我正在处理scikit-learn
中的加州住房数据集。我想设计两个二进制功能:"距离旧金山10公里以内"one_answers"距离洛杉矶10公里以内。我创建了一个自定义转换器,它本身运行良好,但当我将其放入ColumnTransformer
时会抛出TypeError
。这是代码:
from math import radians
from sklearn.base import BaseEstimator, TransformerMixin
from sklearn.compose import ColumnTransformer
from sklearn.metrics.pairwise import haversine_distances
from sklearn.datasets import fetch_california_housing
import numpy as np
import pandas as pd
# Import data into DataFrame
data = fetch_california_housing()
X = pd.DataFrame(data['data'], columns=data['feature_names'])
y = data['target']
# Custom transformer for 'Latitude' and 'Longitude' cols
class NearCity(BaseEstimator, TransformerMixin):
def __init__(self, distance=10):
self.la = (34.05, -118.24)
self.sf = (37.77, -122.41)
self.dis = distance
def calc_dist(self, coords_1, coords_2):
coords_1 = [radians(_) for _ in coords_1]

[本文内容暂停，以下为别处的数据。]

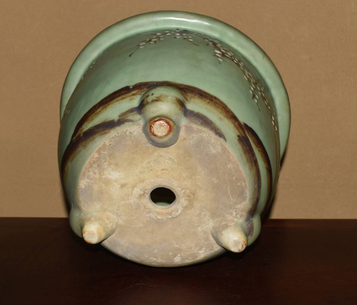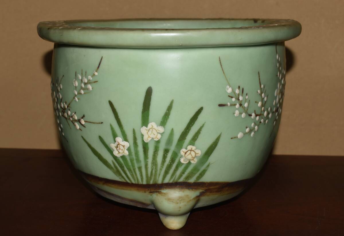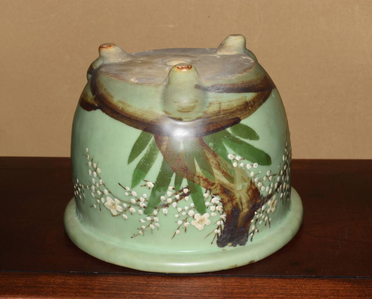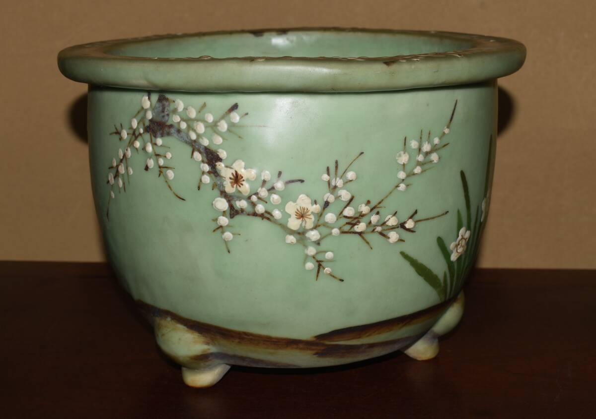 サイズ31,0x22,5cm 人気古窯作家<尾張焼・青磁・色絵梅図・時代乗り抜群・発色抜群・実用性抜群・使い頃サイズ>外縁丸鉢・蘭鉢のご紹介です・・・古窯。時代抜群・・色絵の梅図が繊細に描き込まれ、実用にも優れた素晴らしい逸品です・目立つ傷はありません。・・ 大変古い物ですので縁・足等にホツ・スジ・カケ等がある場合がございます。 状態を良くご確認の上、ご入札宜しくお願い致します。。画像を良くご確認の上、御入札宜しくお願い致します。完品をお求めの方は入札をお控えお願い致します。*注意事項* オークション終了後48時間以内に必ずご連絡をお願いします。ご連絡がない時は、ご購入意思がないと判断し、落札者さま都合のキャンセルとさせて頂きます。再三のご連絡を差し上げても、ご連絡がない場合は、時点繰り上げとさせて頂きます。マイナス評価の多い方や新規の方を削除する場合がありますので、ご了承下さい。また、入札価格が低価格の場合は取消終了とさせて頂く場合がございますので、ご了承願います。古い物等ございますので小さな傷等は、見落とす場合がございますので、写真を良くご覧になり納得の上ご入札して下さい。また、完品をお求めの方は入札をお控えお願い致します。キズ・破損等のご連絡は商品到着5日以内にご連絡ください。それ以降は対応致しかねますので到着後、商品を必ずご確認ください。輸送中の事故(鉢が割れる、枝が折れる等)につきましては商品到着時に確認し取引ナビまたは、お電話にてご連絡下さい。 基本土日の発送は行っておりません。ご了承ください。

coords_2 = [radians(_) for _ in coords_2]
result = haversine_distances([coords_1, coords_2])[0,-1]
return result * 6_371
def fit(self, X, y=None):
return self
def transform(self, X):
dist_to_sf = np.apply_along_axis(self.calc_dist, 1, X, coords_2=self.sf)
dist_to_sf = (dist_to_sf < self.dis).astype(int)
dist_to_la = np.apply_along_axis(self.calc_dist, 1, X, coords_2=self.la)
dist_to_la = (dist_to_la < self.dis).astype(int)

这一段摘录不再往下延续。